I’ve been teaching for a long time now. It makes me feel old when I realize I am in my 27th year in the classroom now. I joke with my students that I have been teaching longer than any of them have been alive. When I started teaching the predominant models of professional development were the inservice days at school where the school administrators decided how we needed to grow, the weekend workshops or summer workshops that I would scramble to find funding for, or the one or two day workshops that would cause me to miss school. It’s a different world now. I know I’m preaching to the choir if you are even reading this but this world of twitter, of blogs (both writing them AND reading them), of online simulcast workshops, or improv EdCamps, the list goes on. In this day in teaching I am fully convinced that if you want feedback and you want connections to help you think about your craft and to expand your toolbox – if you really want it – there is an ocean of resources at your fingertips. Literally (since I’m typing this right now!) at your fingertips. Not all of it fits everyone. I know that I am still wrestling with the timing and pace of my twitter feed, but I think I’m getting better at it and I KNOW I’m growing as a result of it. I spent a long time reading blogs, then commenting on blogs before I felt confident enough to launch my own. I have two kids at home so I know how tight time can be, but I also know that the past two Saturdays (that I blogged about separately here and here ) where I spent a combined 16 hours out of the house were worth the time and effort. Luckily Mrs. Dardy is kind and flexible and supportive of this pursuit.
I’ve been thinking quite a bit about this, about how different my life as a teacher is in the past few years. I’ve been in regular communication with one of my former colleagues, Gayle Allen. Gayle (@GAllenTC) hired me seven years ago when my family left Florida and we landed in New jersey for a while. Gayle is a remarkable, energetic thinker and was a great boss. She and I have been engaged in a long conversation about professional growth and one of the results of this conversation is an article that got posted today over at a website called Getting Smart. I know that I am not unique in this journey, but I also know that there are still many of our colleagues who have not taken this plunge. Some because they are not interested in doing so, some because they don’t know where to start.
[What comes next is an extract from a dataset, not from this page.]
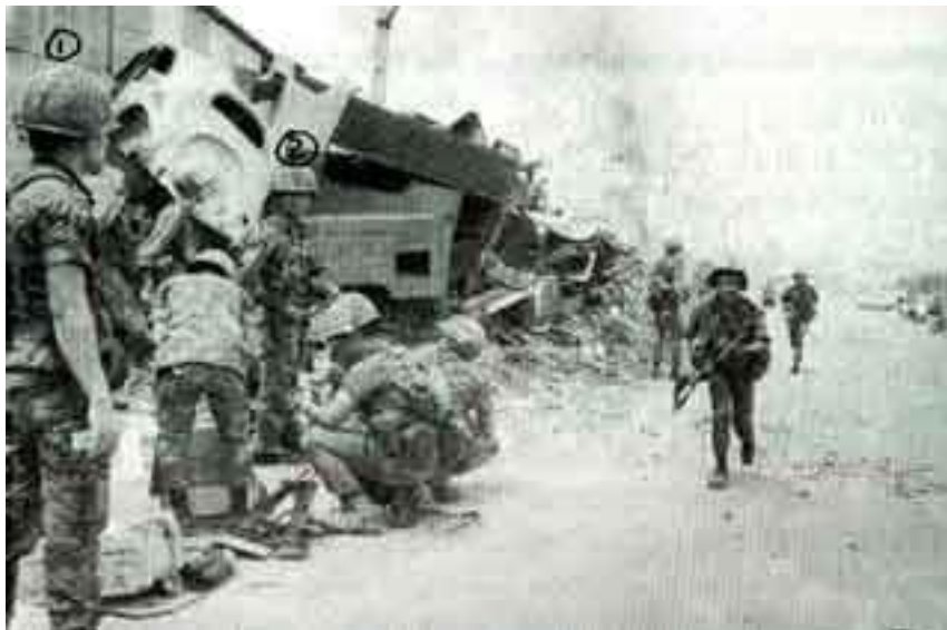
Mậu Thân - Trinh sát Liên Đoàn 5 BĐQ

I’m pleased to be able to give shout outs of thanks to Dan Meyer (@ddmeyer) and to Sam Shah (@samjshah) through that article and I’m pleased to be connected again (even if we are nearly 3000 miles from each other) with Gayle.
This summer will see a trip to OK to take part in TwitterMathCamp. This would not have happened if Tina Cardone (@crstn85) had not reached out to me and asked me to join in on the fun. This summer will see me finish an in-house Geometry text for our students. This project would never have happened without the encouragement and advice of Jennifer Silverman (@jensilvermath). This summer will see me work on plans to help a brand new teacher in our high school take the leap from teaching Algebra I in the middle school to teaching Honors Precalculus for the first time. All of these experiences will help me grow as a professional. 27 years at it now and I feel like I still have an awful lot to learn. I hope to be smarter this time next week about this craft than I am right now.
One thought on “Professional Growth in a Connected Age”
Love this blog post, Jim, especially this sentence: “I am fully convinced that if you want feedback and you want connections to help you think about your craft and to expand your toolbox – if you really want it – there is an ocean of resources at your fingertips.” I agree with you. It’s so different today. You can reach out right now and get resources and connect with people and get support and all that good stuff. Almost impossible not to learn. Kudos, my friend!